Прошел еще год. Казалось, волны времени давно уже смыли все следы пребывания на земле бедной Мэри Бартон. Но муж по-прежнему вспоминал о ней в тиши бессонных ночей, хотя горе его стало более спокойным; да и Мэри порой, очнувшись от крепкого после тяжелого трудового дня сна, но еще не сбросив с себя дремоты, казалось, видела мать, которая, совсем как в былые дни, стояла у ее постели и, прикрыв рукой свечу, с несказанной нежностью смотрела на свое спящее дитя. Мэри протирала глаза и, окончательно проснувшись, понимая, что это был только сон, снова опускала голову на подушку; тем не менее в минуты волнений и трудностей она взывала к матери о помощи и думала: «Если б мама была жива, она помогла бы мне». Мэри забывала при этом, что горю взрослого труднее помочь, чем горю ребенка, даже таким всемогущим средством, как материнская любовь; не сознавала она и того, что и умом и силою духа намного превосходила оплакиваемую ею мать. Тетушка Эстер так и не появлялась после своего таинственного исчезновения, – людям постепенно надоело строить догадки о ее судьбе, и они стали забывать ее. Бартон деятельно участвовал в работе своего союза и продолжал посещать клуб, даже стал ходить туда чаще, поскольку Мэри возвращалась домой в самое неопределенное время, а когда работы бывало очень много, оставалась в мастерской на всю ночь. Ближайшим другом Бартона был по-прежнему Джордж Уилсон, хотя они придерживались разных взглядов. Но их связывала старая дружба, и воспоминания о днях минувших придавали неизъяснимое очарование их встречам. Наш старый знакомец Джем Уилсон из нескладного юнца превратился в сильного, хорошо сложенного молодого человека с неглупым лицом, которое можно было бы назвать даже красивым, если бы оно не было кое-где помечено оспой.

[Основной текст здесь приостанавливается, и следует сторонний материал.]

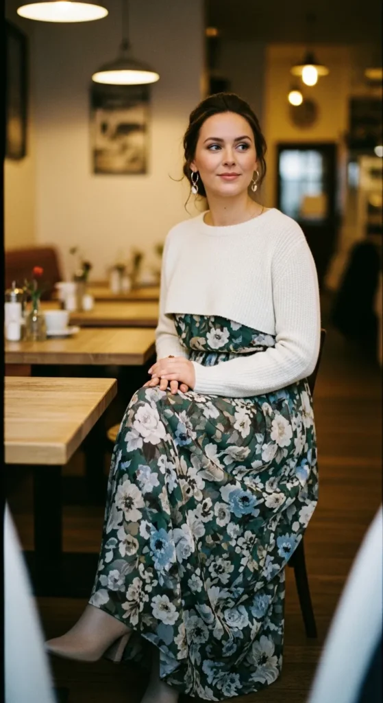A lightweight printed maxi paired with a cropped sweater feels playful and effortless. The contrast between flow and structure gives this outfit an easy layered charm that works for everyday winter moments.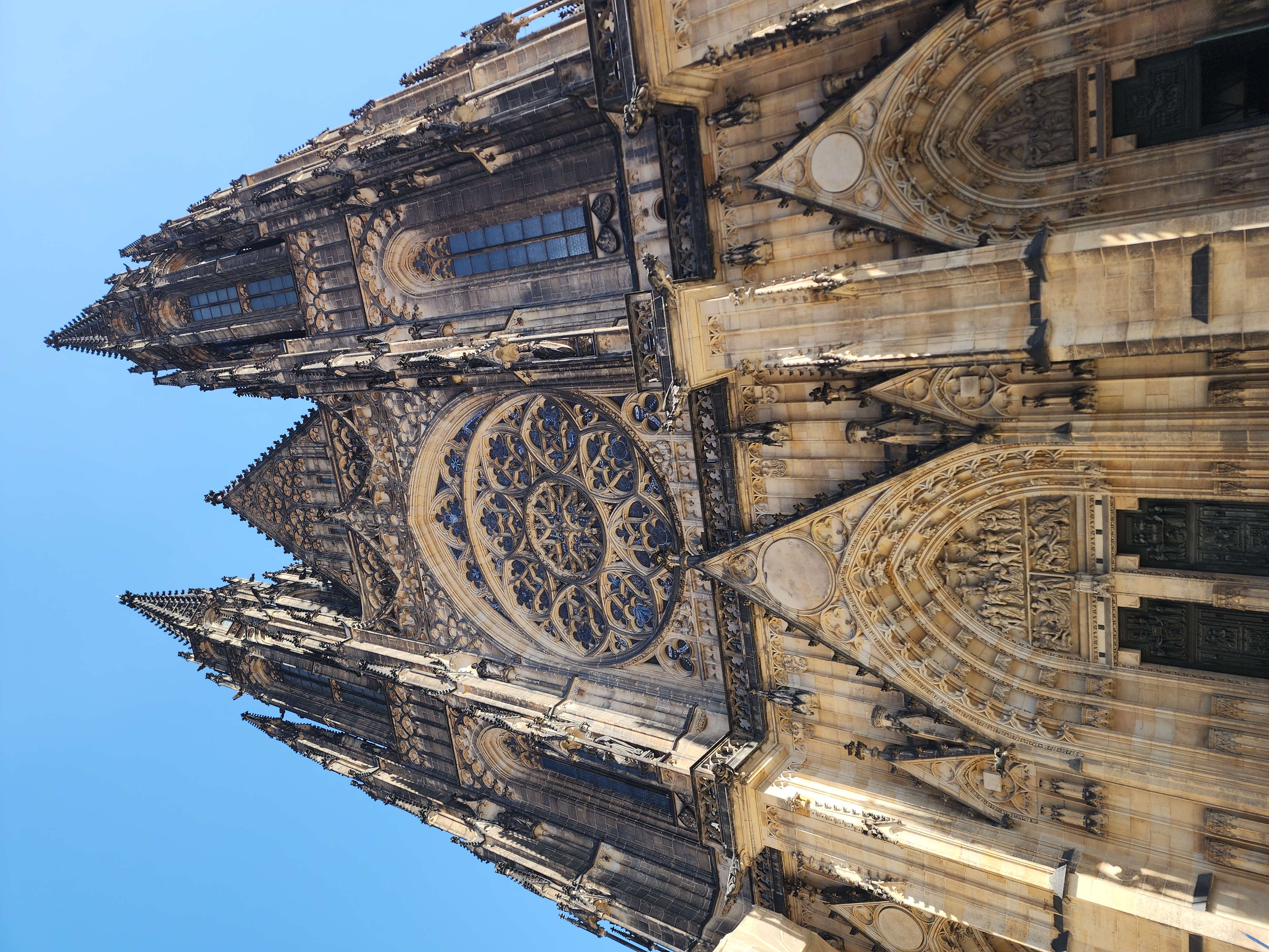 프라하 성 안에 있는 고색창연한 성당은 성 비투스 대성당으로, 프라하 성을 대표하는 건축물입니다. 이 성당은 고딕 양식의 웅장한 구조와 정교한 스테인드글라스로 유명하며, 수 세기에 걸쳐 증축과 개보수가 이루어져 왔습니다. 내부에는 체코 왕실의 왕관과 보물, 역사적 유물들이 보존되어 있어 단순한 종교 공간을 넘어 체코의 정치·문화적 중심지로서의 의미를 지니고 있습니다.

Джем работал на большом заводе, принадлежавшем фирме, которая поставляла станки и машины во владения царя и султана. Отец и мать без устали расхваливали Джема, но Мэри Бартон в ответ лишь вскидывала свою хорошенькую головку, прекрасно понимая, что этими похвалами преследуется одна цель – показать ей, какой из Джема выйдет хороший муж, и побудить ее ответить на его любовь, о которой он никогда не осмеливался заговорить и которую выдавали только его красноречивые взгляды.

Однажды днем, в начале зимы, когда люди запаслись теплыми прочными вещами и, следовательно, дела у мисс Симмондс было не так много, Мэри встретила Элис Уилсон, возвращавшуюся из дома одного торговца, где она работала полдня. Мэри и Элис и раньше нравились друг другу, а теперь Элис питала особую нежность к этой девушке, оставшейся без матери, – дочери той, чей прощальный поцелуй она не раз с благодарностью вспоминала, ворочаясь в постели без сна. Не удивительно поэтому, что чистенькая старушка и цветущая молодая работница сердечно поздоровались, и Элис отважилась пригласить Мэри зайти к ней вечерком выпить чаю.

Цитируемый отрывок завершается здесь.